__Problem requirements__
Without the pictures, repeat all of the data exactly as it appears below.

__Exercise data__

================================

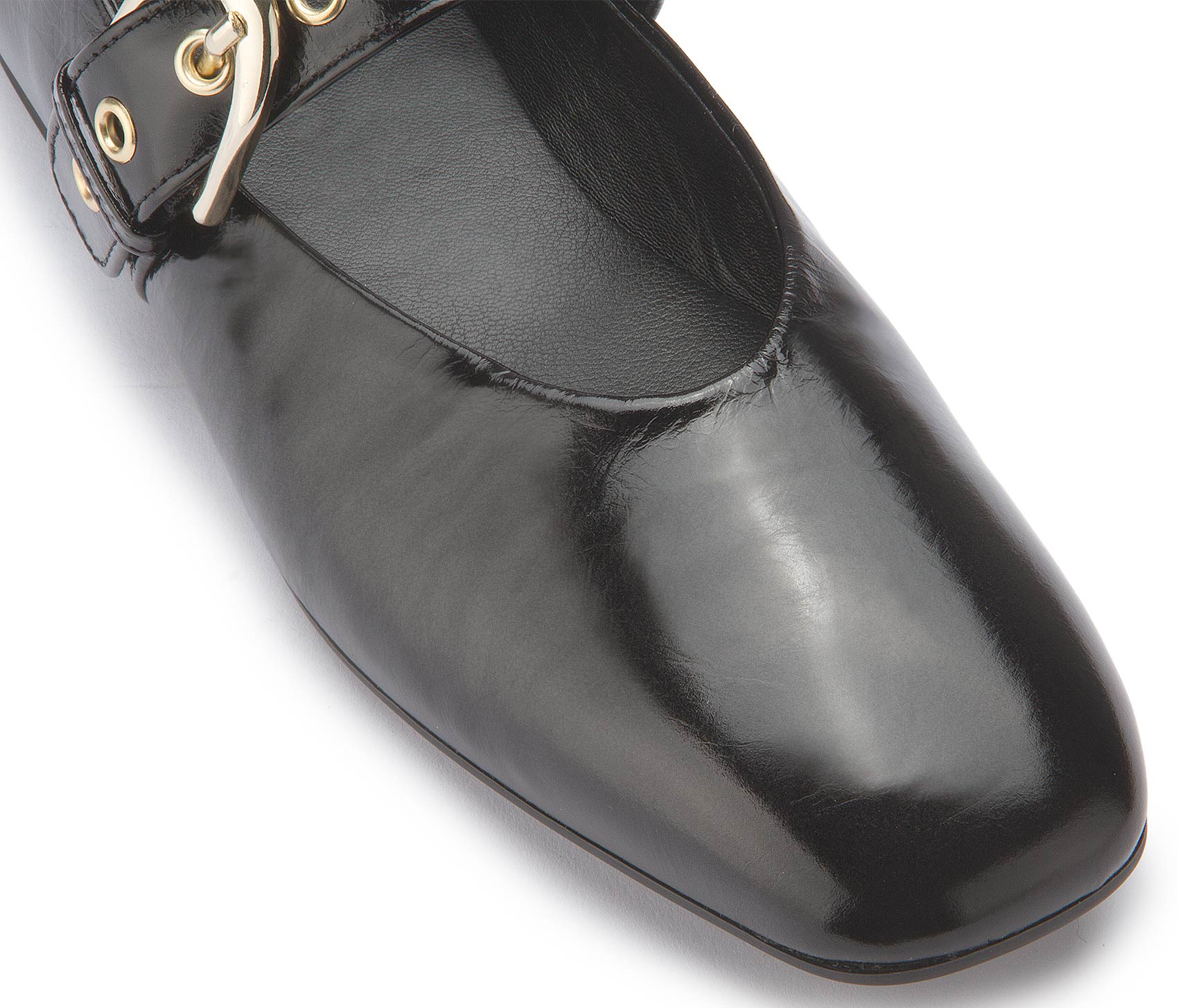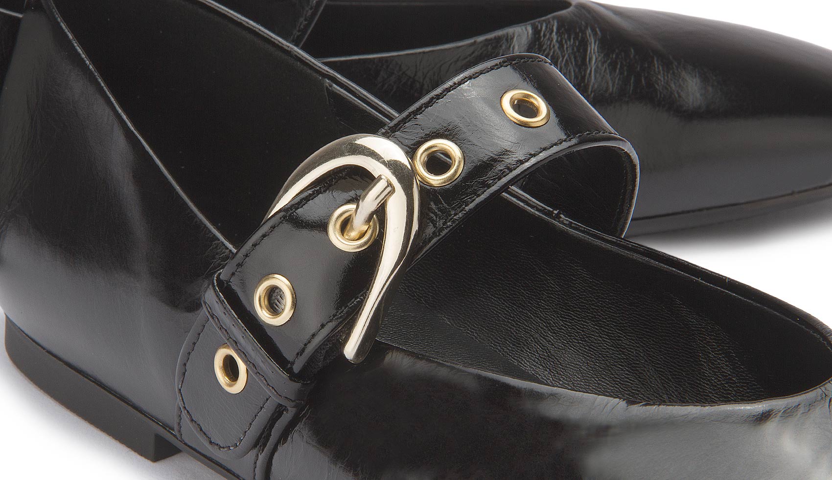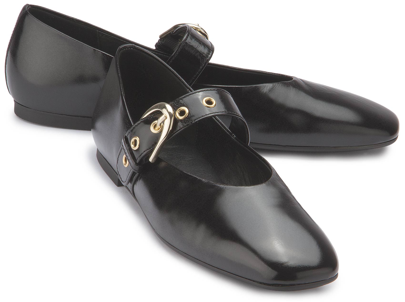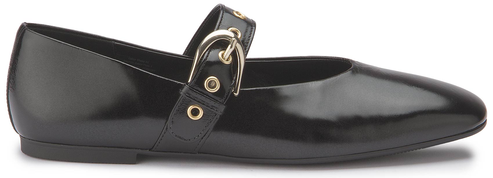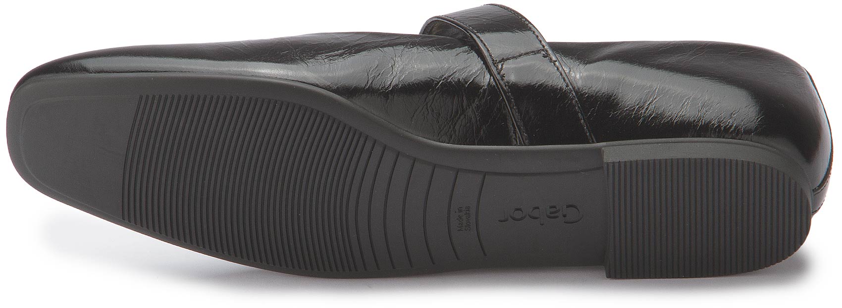 Dieser elegante Ballerina von Gabor besticht durch sein zeitloses Design in edlem Schwarz und wird durch die goldene Zierschnalle stilvoll akzentuiert. Der breite Riemen sorgt nicht nur für sicheren Halt, sondern verleiht dem Schuh auch eine moderne Note – perfekt für Büro und Freizeit.
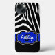 Monogrammed modern black, white and blue zebra print striped pattern Case-Mate Barely There™ iPad Air case can be customised with your logo, name, initials, or other text. If you need assistance, email niteowlstudio@gmail.com.
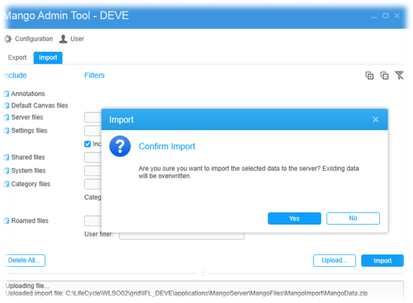 26. And now we use the Mango Admin Tool to Import the old settings

================================

__Solution to the problem__
 Dieser elegante Ballerina von Gabor besticht durch sein zeitloses Design in edlem Schwarz und wird durch die goldene Zierschnalle stilvoll akzentuiert. Der breite Riemen sorgt nicht nur für sicheren Halt, sondern verleiht dem Schuh auch eine moderne Note – perfekt für Büro und Freizeit.
 Monogrammed modern black, white and blue zebra print striped pattern Case-Mate Barely There™ iPad Air case can be customised with your logo, name, initials, or other text. If you need assistance, email niteowlstudio@gmail.com.
 26. And now we use the Mango Admin Tool to Import the old settings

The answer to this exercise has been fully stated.